5The applicant is not entitled to physiotherapy services for $2,052.52.
6The respondent’s denial of the OCF-18 dated December 13, 2022, was proper in accordance with s. 38(8) of the Schedule.
7No interest is payable.
8The respondent is not liable to pay an award to the applicant.
ANALYSIS
Preliminary Issues
9The preliminary issue to be decided is whether the applicant is barred under s.56 of the Schedule from proceeding to a hearing for an NEB, physiotherapy services for $2152.71 and translation services for $539.00 listed as issues 3 (i), 3 (ii), and 3 (iv), above because he failed to file an application with the Tribunal to dispute the denial of these benefits within the two-year limitation period.
10Under s. 56 of the Schedule, an applicant has two years after the insurer’s refusal to pay the amount claimed to dispute the denial. The limitation period is triggered by a clear, unequivocal denial in straightforward and clear language directed towards an unsophisticated person, as established in Smith v.
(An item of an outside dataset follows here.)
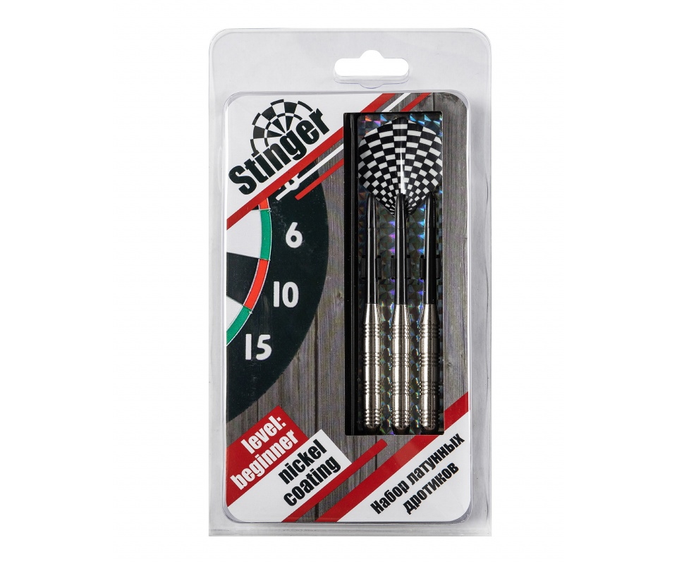 Дротики для дартса Stinger, 3 шт., уровень — любительский, игла — сталь, хвостовик — нейлон, оперение — PVC, вес 19 грамм, баррель — латунь покрытый никелем.
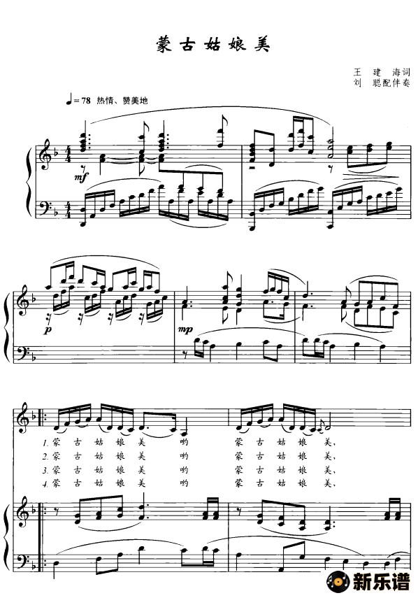 演唱的蒙古姑娘美1歌词,蒙古姑娘美1简谱.

Co-Operators General Insurance Company, 2002 SCC 30.
The applicant is statute-barred from pursuing his claim for an NEB
11I find that the respondent’s denial of the NEB claim was valid and triggered the s. 56 two-year limitation period.
12The applicant filed his application to the Tribunal on December 3, 2024, which is beyond the two-year limitation period from the date when the respondent first denied his entitlement to an NEB on July 12, 2022.
13However, section 7 of the Licence Appeal Tribunal Act, 1999, c. 12, Sched. G (LAT Act), affords the Tribunal statutory discretion to extend the limitation period prescribed by the Schedule if it is satisfied that there are reasonable grounds for granting such relief. In determining whether to grant an extension, the Tribunal examines four factors: i) the existence of a bona fide intention to appeal within the appeal period; ii) the length of the delay; iii) prejudice to the other party; and iv) the merits of the appeal. No one factor has precedence; ultimately, the “justice of the case” determines whether to grant this relief. See Fratarcangeli v. North Blenheim Mutual Insurance Company, 2021 ONSC 3997 (Div. Ct) and Manuel v. Ontario (Registrar, Motor Vehicle Dealers Act), 2012 ONSC 1492 (Div. Ct).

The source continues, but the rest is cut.